As a result I have learned much about this sport and the requirements for building muscle.
This book with give you valuable tips to begin your own body building and weight lifting career:
Some of the site product pages are available only to Subscribers like you to view, that we have ongoing contact with, so they are password protected ... Just enter WT (capitalized) to unlock the page.
REPORT: "Guide to Muscle Building Relief and Recovery" cont:Your Muscle Building Schedule
Knowing what muscle group to work out is a must. For the best muscle growth, you’ll want to work out each group on a regular and even basis to promote strength.
You’ll also have to know when it’s time to add more repetitions and more weight to any of your routines. If you’re just now starting to build muscle, you’ll want to do it gradually and slowly increase your time and repetition.

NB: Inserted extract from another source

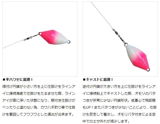 船上でキャストした際、オモリのバタつきが非常に少ない円錐形状。低重心で飛距離もUP!またバタつきが少ないことにより、仕掛けも安定して着水し、オモリバタ付きによる空中でのエサ外れが減少。

Otherwise, too much, too soon can lead to muscle injury or burnout. On your muscle building schedule, the first thing that you’re going to want to do is to boost the equipment weight that you’re using.

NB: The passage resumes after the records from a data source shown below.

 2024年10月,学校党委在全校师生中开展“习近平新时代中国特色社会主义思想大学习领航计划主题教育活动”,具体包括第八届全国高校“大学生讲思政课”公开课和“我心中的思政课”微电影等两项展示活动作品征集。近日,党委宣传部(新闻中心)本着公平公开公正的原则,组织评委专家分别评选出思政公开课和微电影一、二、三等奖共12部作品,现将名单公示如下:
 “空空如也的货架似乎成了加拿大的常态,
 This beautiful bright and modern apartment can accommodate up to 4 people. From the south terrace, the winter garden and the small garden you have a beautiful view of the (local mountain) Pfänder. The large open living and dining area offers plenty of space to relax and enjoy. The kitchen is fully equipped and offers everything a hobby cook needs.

You’ll want to do this on a regular schedule. Your routine should always progress until you reach the muscle mass that you want to have and maintain.
Remember that if you can do the muscle building routine that you’ve been using comfortably, then it’s time to boost your muscles into overdrive, because this is what will build them up.
Adding more weight is one thing to have in the schedule. The amount of repetitions that you’ll want to do is another. Once you can blow through the repetitions in your routine, it’s time to add to them.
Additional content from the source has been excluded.